# TASK STATEMENT
Look through the data below and output, unchanged, every line from the one holding "The 2017 Cedar" through the one holding "以上是【美國碩士留學offe", inclusive. Skip the pictures.

PROVIDED DATA Start Marker

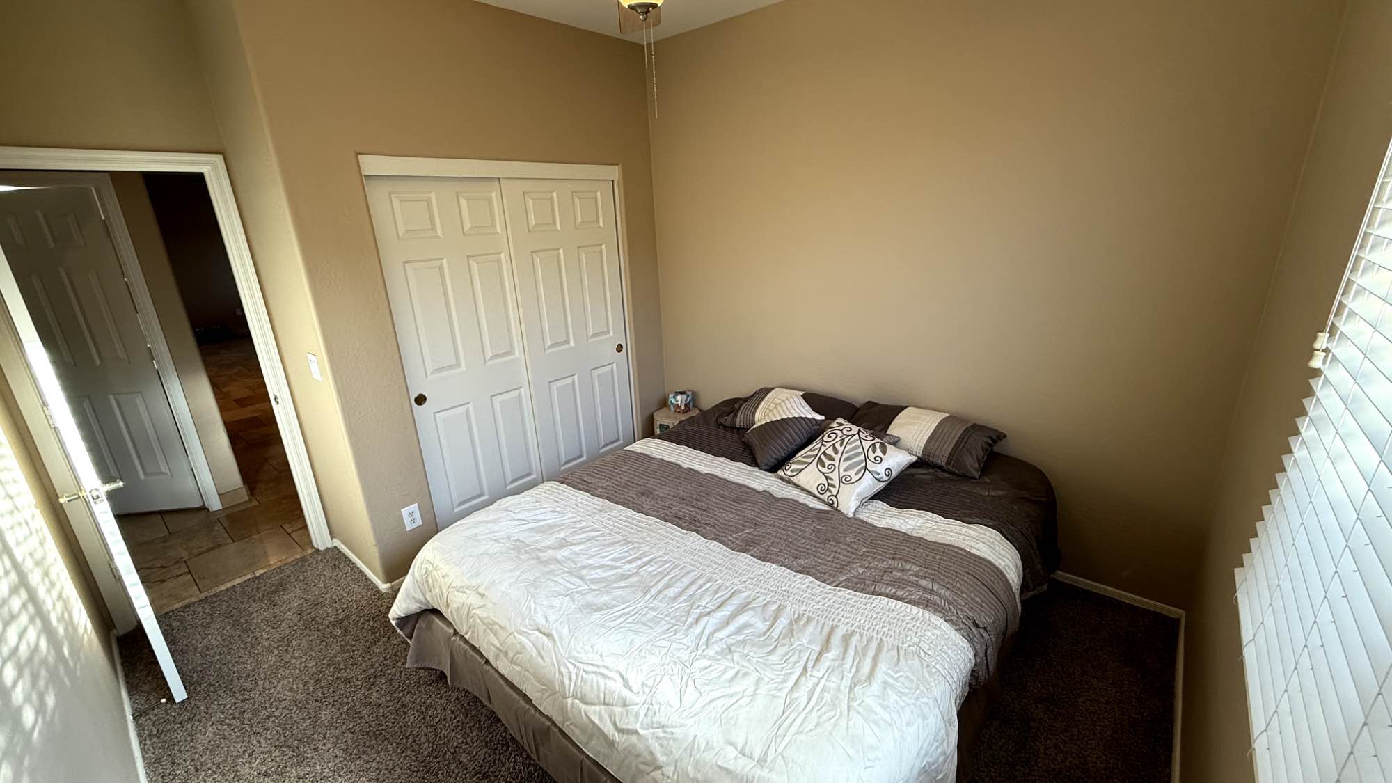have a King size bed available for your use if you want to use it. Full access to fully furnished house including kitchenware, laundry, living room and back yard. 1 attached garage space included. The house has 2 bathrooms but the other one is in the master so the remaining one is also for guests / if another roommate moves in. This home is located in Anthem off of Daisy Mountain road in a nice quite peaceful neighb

PROVIDED DATA End Marker
PROVIDED DATA Start Marker

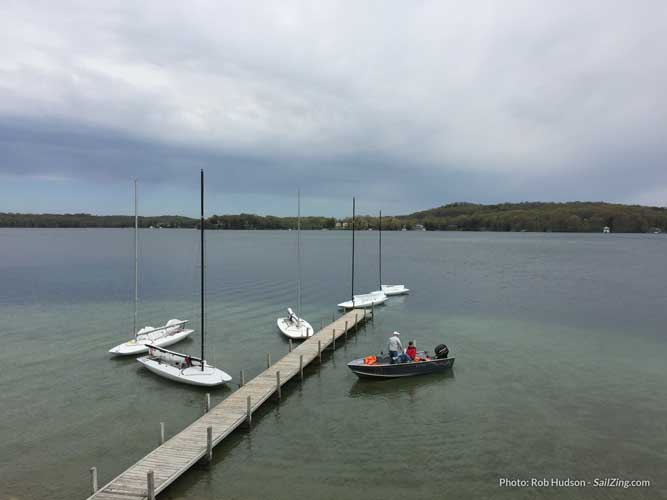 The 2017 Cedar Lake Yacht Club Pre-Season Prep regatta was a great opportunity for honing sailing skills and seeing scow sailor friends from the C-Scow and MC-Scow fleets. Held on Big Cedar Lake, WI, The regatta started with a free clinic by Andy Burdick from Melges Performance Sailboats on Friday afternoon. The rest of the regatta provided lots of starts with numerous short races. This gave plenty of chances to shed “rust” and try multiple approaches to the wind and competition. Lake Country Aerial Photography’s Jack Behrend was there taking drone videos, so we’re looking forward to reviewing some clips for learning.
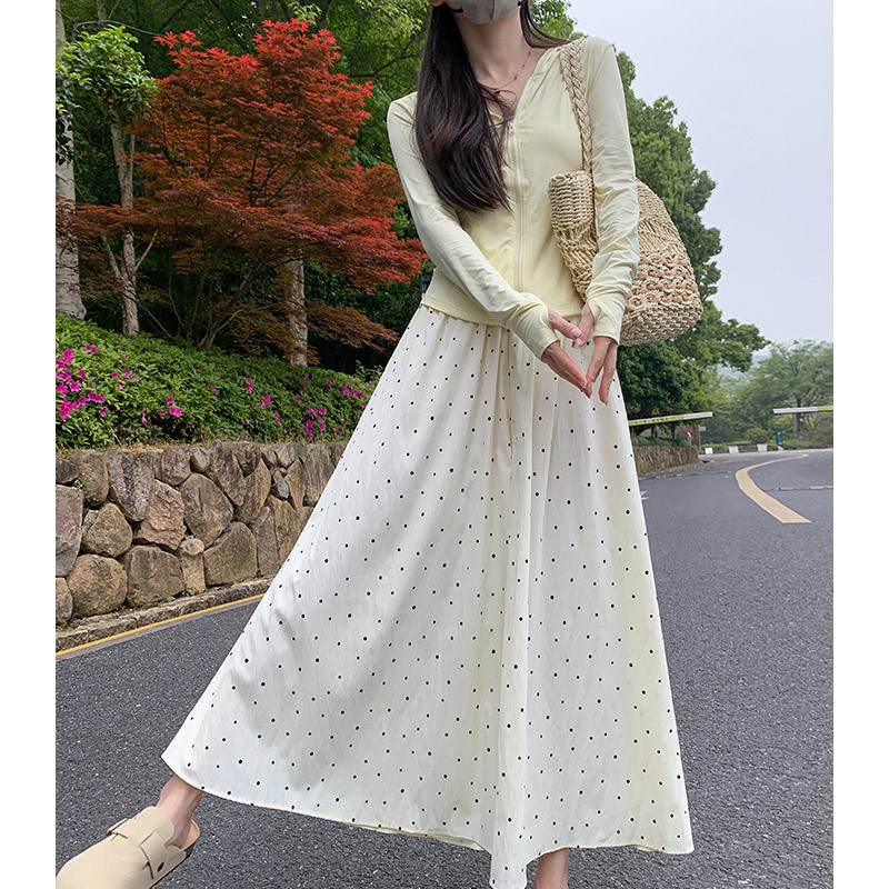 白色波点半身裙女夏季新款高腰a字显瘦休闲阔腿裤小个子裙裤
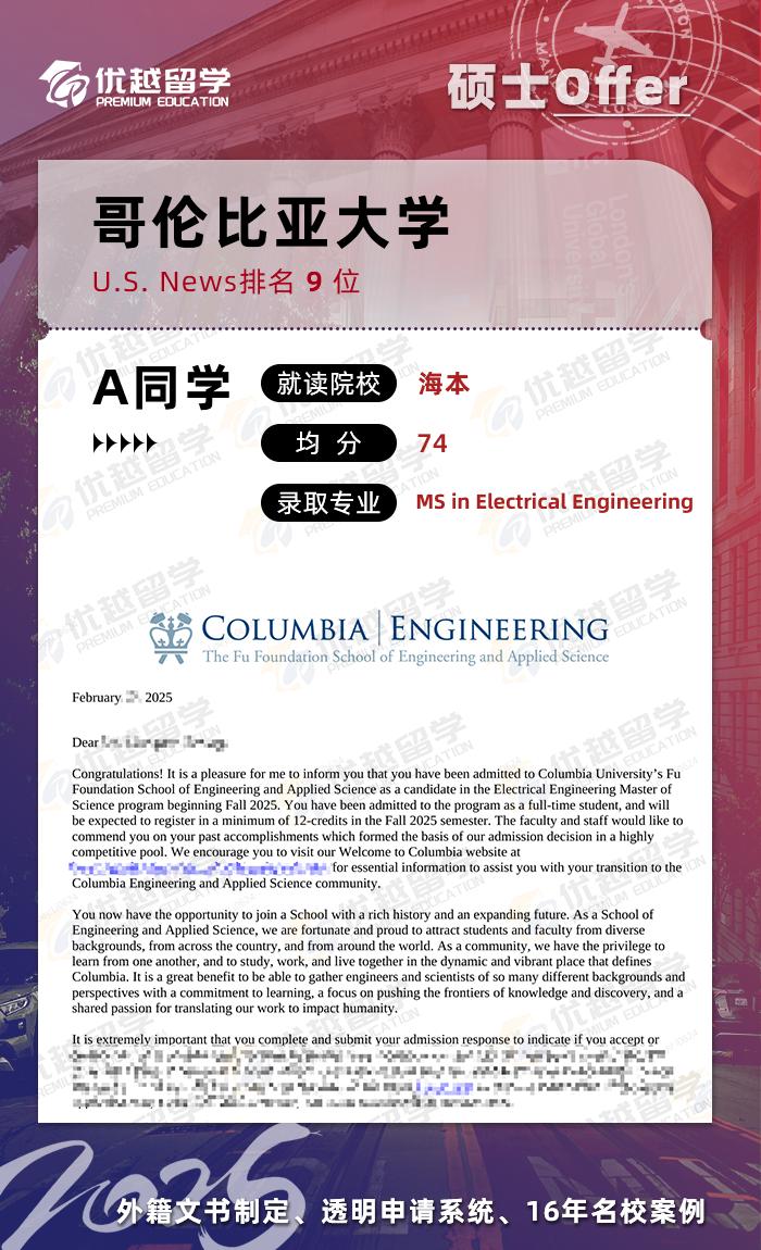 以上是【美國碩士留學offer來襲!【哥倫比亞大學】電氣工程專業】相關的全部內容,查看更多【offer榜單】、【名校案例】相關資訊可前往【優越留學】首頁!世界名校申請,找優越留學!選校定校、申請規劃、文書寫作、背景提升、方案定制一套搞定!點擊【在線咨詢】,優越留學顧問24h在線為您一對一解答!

PROVIDED DATA End Marker
PROVIDED DATA Start Marker

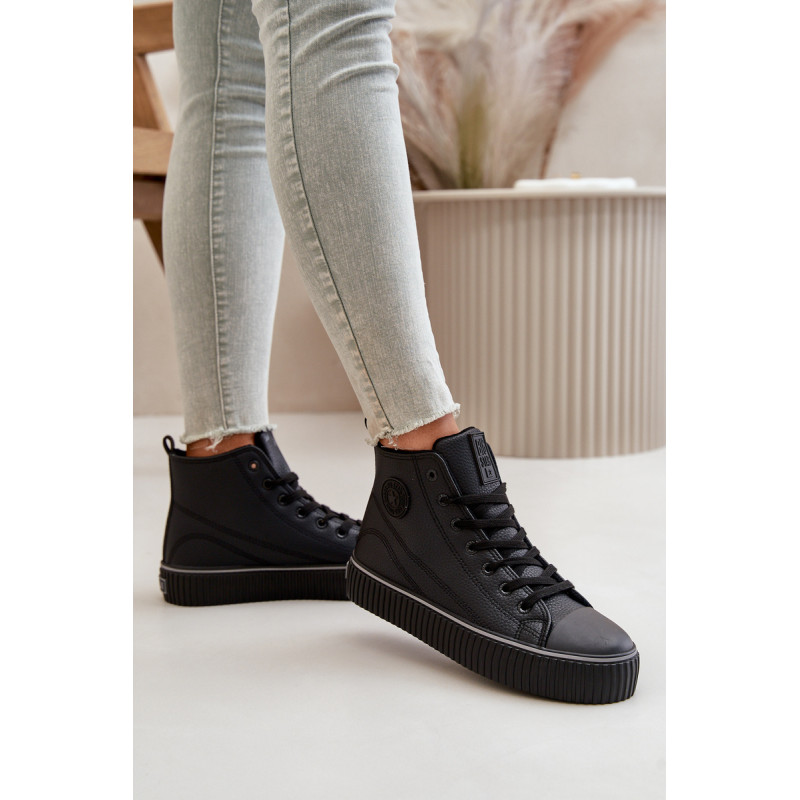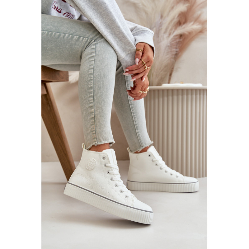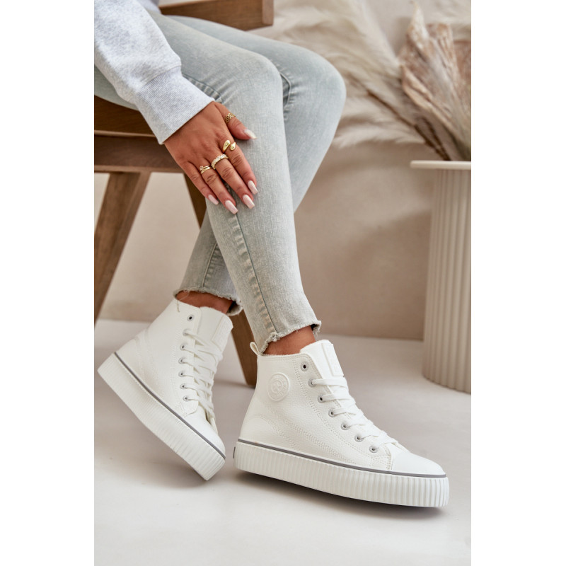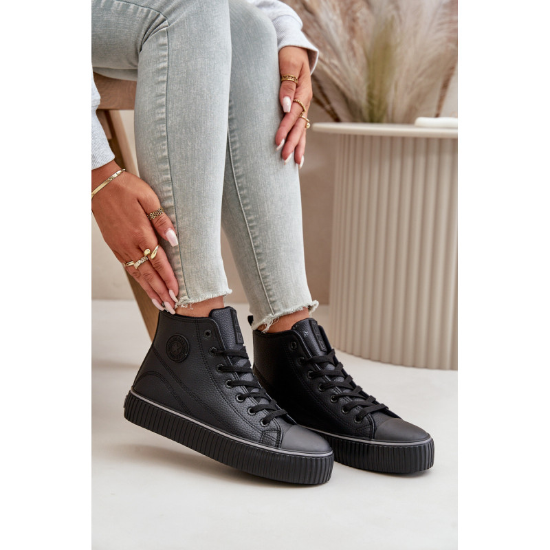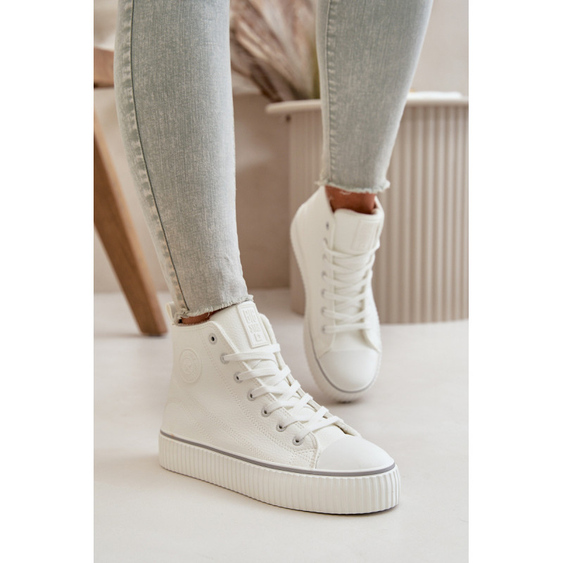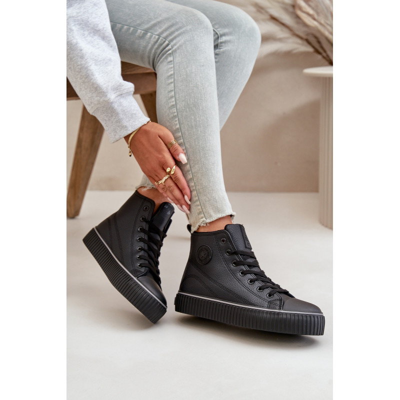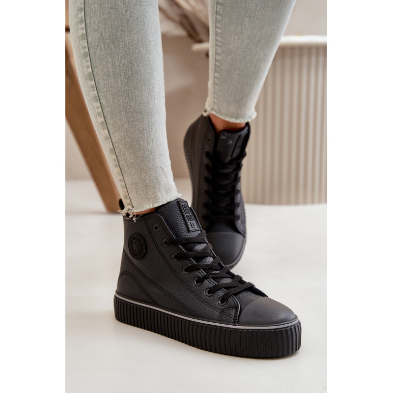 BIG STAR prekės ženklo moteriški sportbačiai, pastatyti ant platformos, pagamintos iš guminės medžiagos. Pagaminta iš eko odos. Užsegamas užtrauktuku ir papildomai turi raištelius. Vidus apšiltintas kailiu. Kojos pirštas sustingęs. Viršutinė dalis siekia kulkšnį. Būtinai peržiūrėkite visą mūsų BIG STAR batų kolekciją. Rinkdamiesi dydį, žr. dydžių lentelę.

PROVIDED DATA End Marker

# ANSWER BOX
 The 2017 Cedar Lake Yacht Club Pre-Season Prep regatta was a great opportunity for honing sailing skills and seeing scow sailor friends from the C-Scow and MC-Scow fleets. Held on Big Cedar Lake, WI, The regatta started with a free clinic by Andy Burdick from Melges Performance Sailboats on Friday afternoon. The rest of the regatta provided lots of starts with numerous short races. This gave plenty of chances to shed “rust” and try multiple approaches to the wind and competition. Lake Country Aerial Photography’s Jack Behrend was there taking drone videos, so we’re looking forward to reviewing some clips for learning.
 白色波点半身裙女夏季新款高腰a字显瘦休闲阔腿裤小个子裙裤
 以上是【美國碩士留學offer來襲!【哥倫比亞大學】電氣工程專業】相關的全部內容,查看更多【offer榜單】、【名校案例】相關資訊可前往【優越留學】首頁!世界名校申請,找優越留學!選校定校、申請規劃、文書寫作、背景提升、方案定制一套搞定!點擊【在線咨詢】,優越留學顧問24h在線為您一對一解答!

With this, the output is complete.